Dance kinesiologist Sally Sevey Fitt notes the extent to which our cultural habits affect our muscles and body.4

"The extended amount of time we spend sitting in this culture allows the hip flexors to tighten up. Even though dancers spend a lot of time on their feet, they too are subject to tight - or short -hip flexors resulting from excessive sitting."

Bodyworker Erik Dalton similarly calls us a "society of flexion addicts."3 Fitt further discusses the symptoms resulting from tightness of the anterior torso muscles pectoralis minor and serratus anterior.4

"The sensory experience of pectoralis minor syndrome includes any combination of the following: severe pain and/or spasm in the area of the upper trapezius, levator scapulae, and/or the rhomboids (this sometimes progresses to the muscles of the neck, so that turning the head is extremely painful, if it is possible at all); and pain radiating down the medial (ulnar) side of the arm, sometimes all the way down to the fourth and fifth fingers. Unfortunately, the pectoralis minor is difficult to stretch: no 'backward tilt' is possible, because the scapula makes contact with the rib cage at an inferior angle. For this reason, the most direct route to relief is through deep massage of the pectoralis minor.

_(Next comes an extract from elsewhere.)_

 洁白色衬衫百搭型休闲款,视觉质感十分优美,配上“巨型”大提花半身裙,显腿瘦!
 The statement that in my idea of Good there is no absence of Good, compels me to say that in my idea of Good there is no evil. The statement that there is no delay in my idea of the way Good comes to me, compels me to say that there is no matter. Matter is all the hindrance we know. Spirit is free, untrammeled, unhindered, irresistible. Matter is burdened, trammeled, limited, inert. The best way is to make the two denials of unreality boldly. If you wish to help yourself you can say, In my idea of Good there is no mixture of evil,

"Serratus anterior tightness is a condition that I discovered while working on this very book. Hours and hours at the keyboard (with the arms slightly in front of the body and the scapula slightly abducted) required a continuous low-grade contraction of the serratus anterior. The pain was somewhat similar to pectoralis minor syndrome, focused in the upper back but a little lower (perhaps middle trapezius?), and radiating around the rib cage (following the path of the serratus anterior)."

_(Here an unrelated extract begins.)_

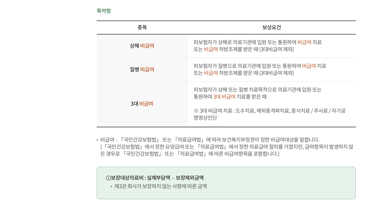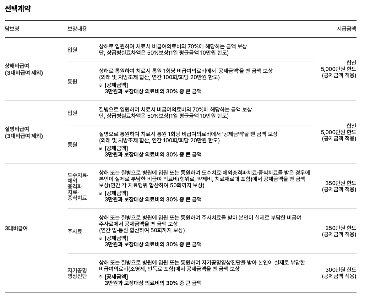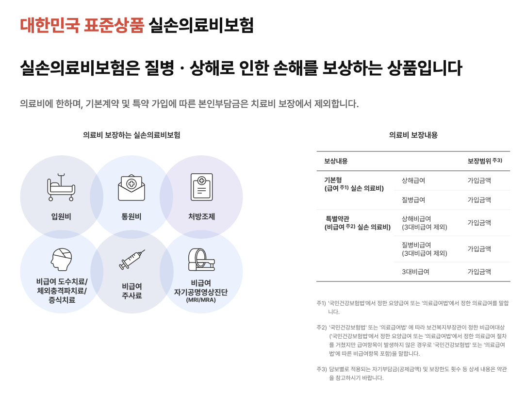 - 전문의 진료비, 비급여 진료비, 약제비, 치료재료비 등을 실비로 보상해줍니다.

From the perspective of his concept of "anatomy trains," Tom Myers discusses the clinical implications of the superficial front line. He notes the effects of a maintained "startle reflex" pattern of shortening of the anterior line along with cervical extension.6

"If maintained over an extended period, this reaction and its variants can naturally affect nearly every human function negatively, though breathing in particular is restricted by shortening the front line. Easy breathing depends on the outward and upward movement of the ribs, as well as the balance between the respiratory and pelvic diaphragms. The shortened SCM pulls the head forward and requires compensatory action in both back and front that restricts rib movement. Excess tension in the belly restricts both rib movement and diaphragmatic response, while shortness in the front of the hips throws out the balance between the diaphragms and results in only the front of the respiratory diaphragm being used in breathing."

It is tempting to see these considerations as applying only to clinical massage. Yet, apart from sudden injuries, the tensions held from day to day presage the eventual pain-producing dysfunctions. When the tensions are coaxed out in a timely way, via gentle stroke and jostling, the need for remedial work can often be avoided. Working the right areas means making the mental jump from static anatomy on pages of books to the moving anatomy of the actual human body. It is a leap we must take to be effective in the long run.

"Touching hands are not like pharmaceuticals or scalpels. They are like flashlights in a darkened room. The medicine they administer is self-awareness. And for many of our painful conditions, this is the aid that is most urgently needed."

- Deane Juhan.5

References

  1. Calais-Germain, Blandine, 1993: Anatomy of Movement. Eastland Press, ISBN 0-939-61617-3.
  2. Chaitow, Leon, 1996: Muscle Energy Techniques. Churchill Livingstone, ISBN 0-443-05297-2.
  3. Dalton, Eric, 2002: Simplifying the Pain Puzzle. (http://erikdalton.com/painreliefarticle.html).
  4. Fitt, Sally Sevey, 1996: Dance Kinesiology, 2nd ed., Schirmer Books, ISBN 0-028-64507-3.
  5. Juhan, Deane, 1987: Job's Body - a Handbook for Bodywork. Station Hill Press, ISBN 0-882-68047-1.
  6. Myers, T.W., 1997: The anatomy trains. Journal of Bodywork and Movement Therapies: 1(2), 91?101.